*** Opening of RECORD EXTRACTS ***

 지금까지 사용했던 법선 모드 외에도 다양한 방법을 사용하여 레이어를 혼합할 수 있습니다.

*** Close of RECORD EXTRACTS ***
*** Opening of RECORD EXTRACTS ***

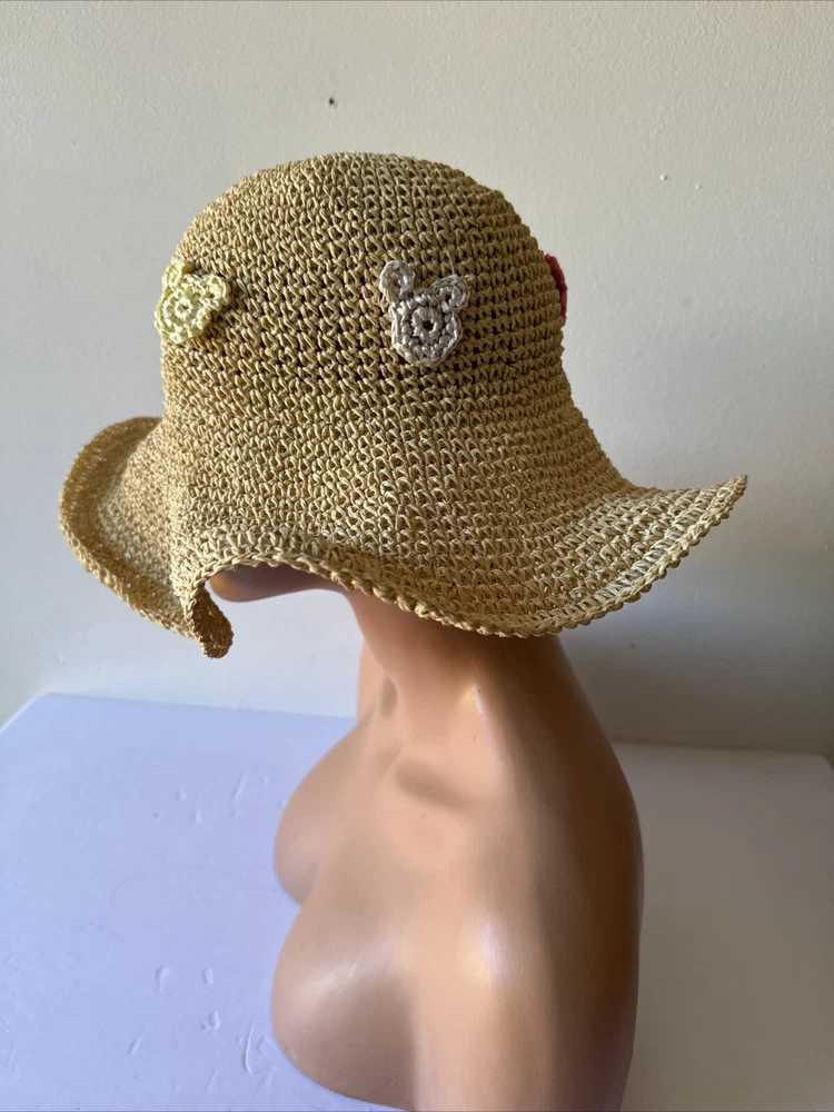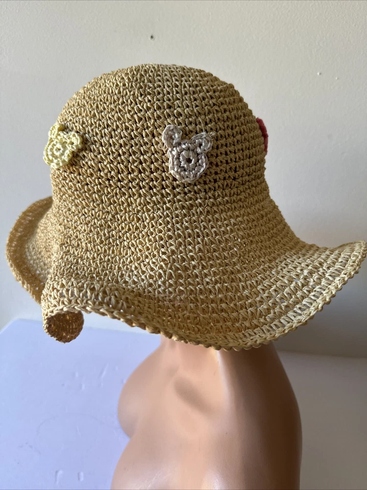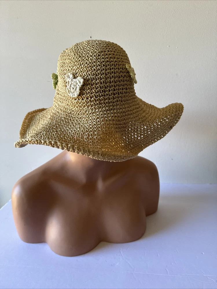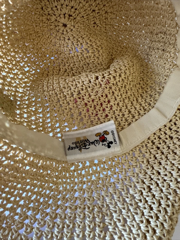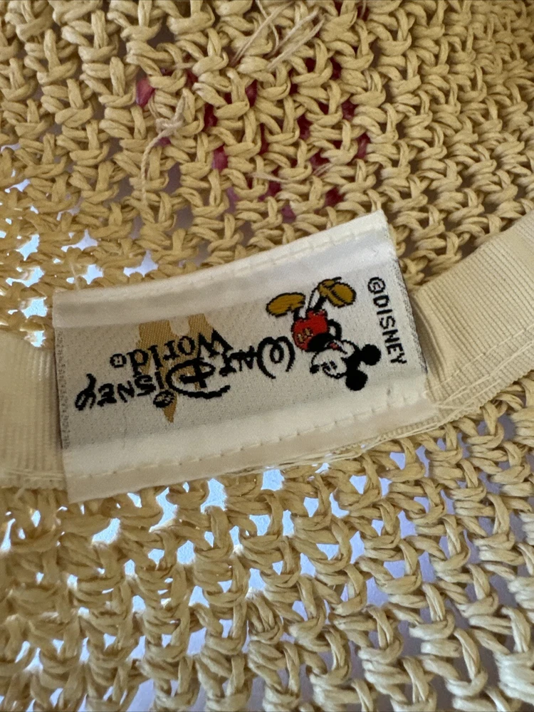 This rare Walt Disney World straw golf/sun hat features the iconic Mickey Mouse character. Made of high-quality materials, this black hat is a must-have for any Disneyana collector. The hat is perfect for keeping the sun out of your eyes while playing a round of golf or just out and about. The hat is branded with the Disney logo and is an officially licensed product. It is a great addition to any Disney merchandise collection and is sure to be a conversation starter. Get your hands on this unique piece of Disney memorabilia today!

*** Close of RECORD EXTRACTS ***
*** Opening of RECORD EXTRACTS ***

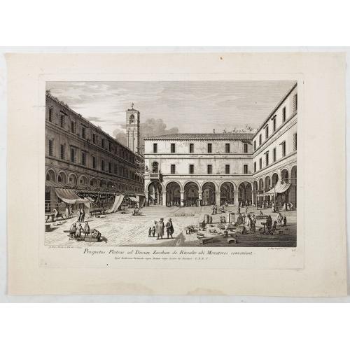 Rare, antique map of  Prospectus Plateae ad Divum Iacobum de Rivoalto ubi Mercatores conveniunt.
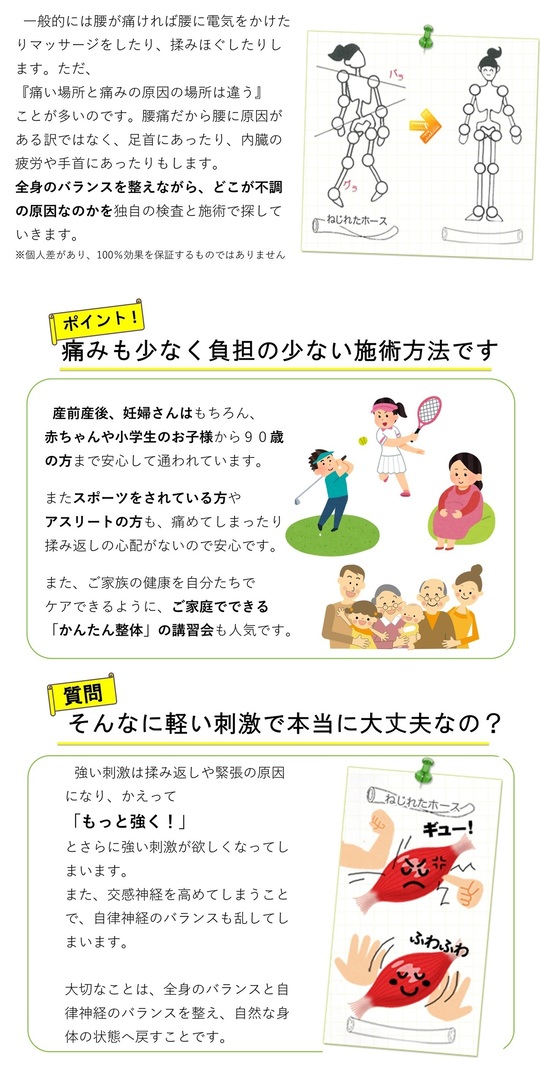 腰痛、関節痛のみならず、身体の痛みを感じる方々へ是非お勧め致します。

*** Close of RECORD EXTRACTS ***

▸ EXERCISE BRIEF: An exact copy is needed of the stretch above that opens with the line containing "Rare, antique map" and closes with the line containing "腰痛、関節痛のみならず、身体の痛みを感じる方々へ是非お勧め致します。"; the pictures are not part of it.

▸ TASK OUTPUT:
 Rare, antique map of  Prospectus Plateae ad Divum Iacobum de Rivoalto ubi Mercatores conveniunt.
 腰痛、関節痛のみならず、身体の痛みを感じる方々へ是非お勧め致します。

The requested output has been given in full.